3. Pressure motivated systems
In a system where tank pressure moves liquid from one vessel to another, the pressure drop should be 10% of the lower terminal vessel pressure, or 50% of the system dynamic losses, whichever is greater.
The above rule also applies to vapor, but in addition, the assigned Delta P should not exceed 42% of the upstream pressure to avoid critical flow problems through the valve.
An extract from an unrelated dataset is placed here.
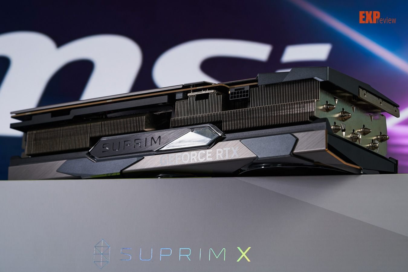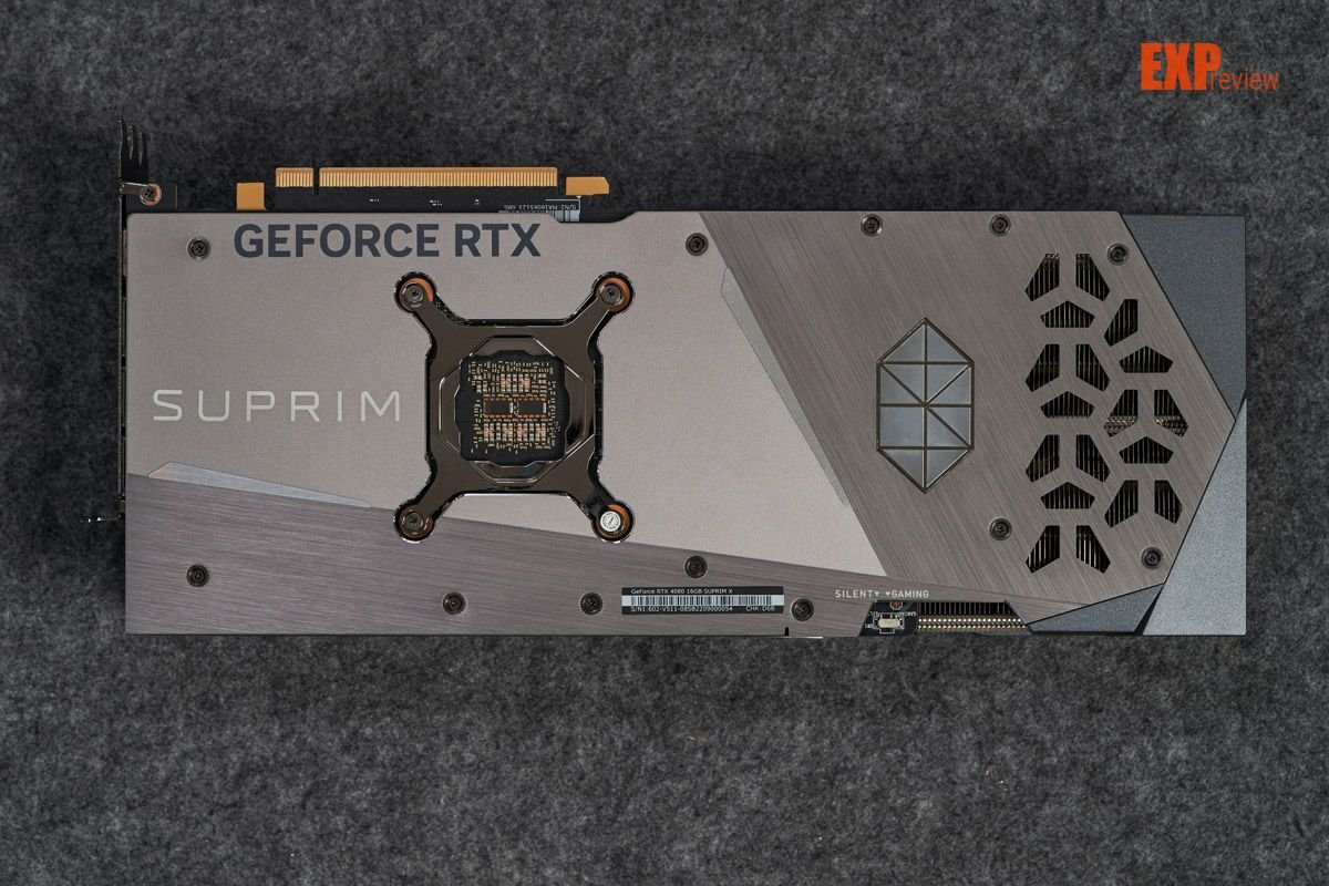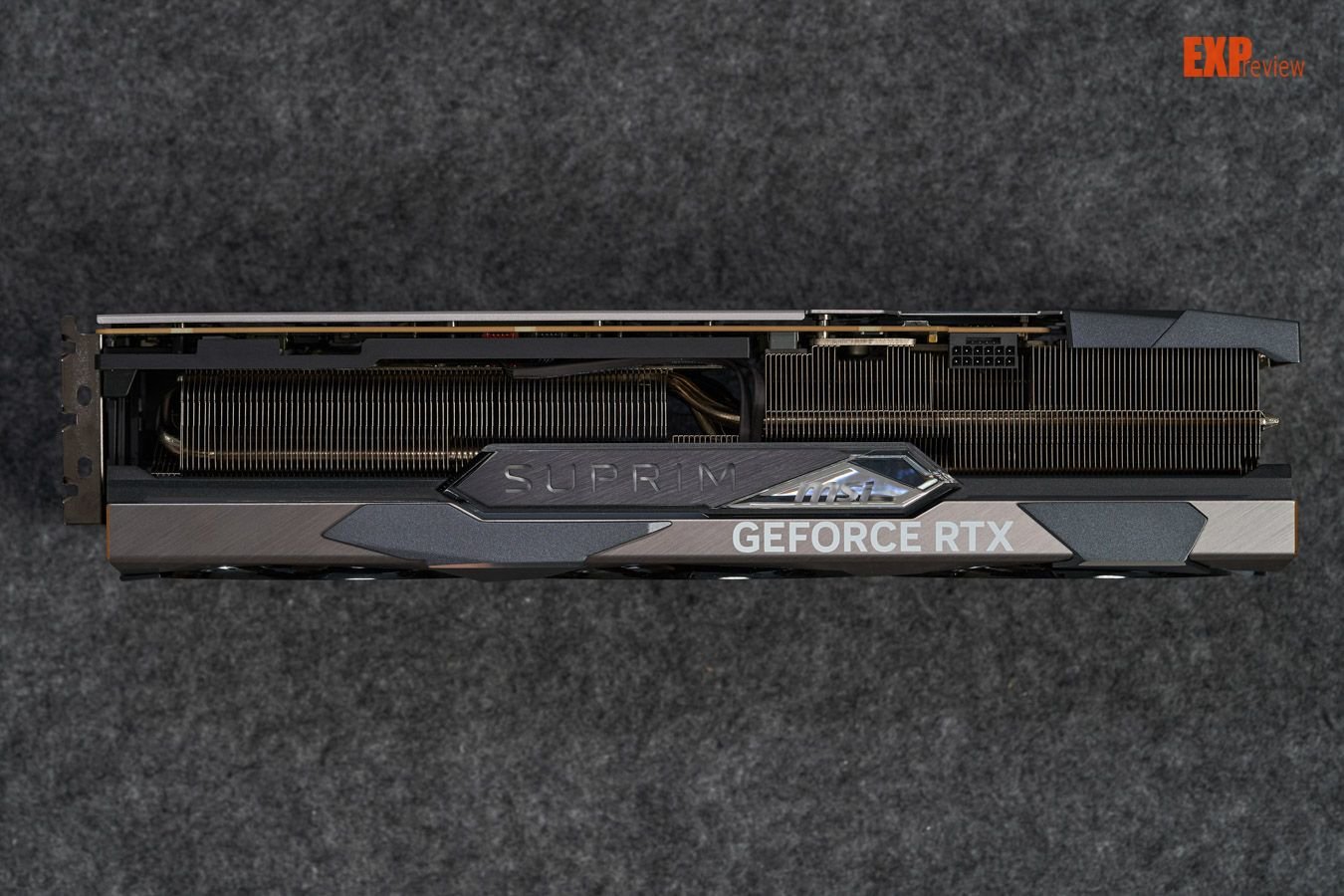 显卡的顶部设计也是同样的有现代感。SUPRIM字样的灯版上仍然是采用了拉丝处理工艺,配合下方的GEFORCE RTX字体很是好看。顶部这里也能看到有超大面积的开口来排散热,配合体积如此巨大的散热器想来温度表现应该是不错的。

4. Steam and flashing water
Valves in steam lines to turbines, reboilers, and process vessels, should be allocated 10% of the design absolute pressure of the system or 5 psi, whichever is greater. The valve should be sized for twice the normal flow rate since steam usage rates can vary widely, especially during start-up.
For valves handling a flashing mixture, the allocated pressure drop should be equal to 0.9 times the difference in between the absolute inlet pressure and the absolute
saturation pressure if flowing temperature is more than 5° F below the saturation temperature. If less than 5° F below the saturation temperature, the pressure drop should not be greater than 0.06 times the absolute inlet pressure.
F. Two Phase Flow:
For the seven types of two phase flow patterns in pipes, some guidelines on liquid and vapor superficial velocities (LSV and GSV respectively) which can be used to make initial predictions on the type of flow pattern are given below.
1. Horizontal Pipes:
a. In DISPERSED FLOW PATTERN, nearly all the liquid is entrained as spray by the gas. This occurs at GSV > 200 ft/sec.
b. In ANNULAR FLOW PATTERN, liquid forms a film around the inside wall of pipe and gas flows at a high velocity as a central core. This occurs at GSV > 20 ft.sec.
c. In BUBBLE FLOW PATTERN, bubbles of gas move along at about the same velocity as the liquid. This occurs at LSV of 5 to 15 ft/sec, and GSV of 1 to 10 ft/sec.
d. In STRATIFIED FLOW PATTERN, liquid flows along the bottom of the pipe and gas flows over the smooth liquid gas interface. This normally occurs for LSV< 0.5 ft/sec, and GSV of 2 to 10 ft/sec.
e. In WAVE FLOW PATTERN, the interface is disturbed by waves moving in the direction of flow; otherwise it is similar to stratified flow pattern. This occurs for LSV < 1 ft/sec and GSV of about 15 ft/sec.
f. In SLUG FLOW PATTERN, waves are picked up periodically in the gas stream and form a slug which moves at much greater velocity than average liquid
velocity. Slugs can cause severe vibration due to impact on fittings such as return bends.
g. In PLUG FLOW PATTERN, alternate plugs of liquid and gas move along the pipe. This occurs at LSV < 2 ft/sec and GSV < 3 ft/sec.
2. Upflow Vertical Pipes:
a. For dispersed flow, GSV > 70 ft/sec.
b. For annular flow, LSV < 2 ft/sec. and GSV > 30 ft/sec.
c. For bubble flow, GSV < 2 ft/sec.
d. Stratified flow does not occur.
e. For wave flow, the SV’s are unpredictable.
f. For slug flow, GSV = 2 to 30 ft/sec.
g. For plug flow, GSV = 2 to 30 ft/sec.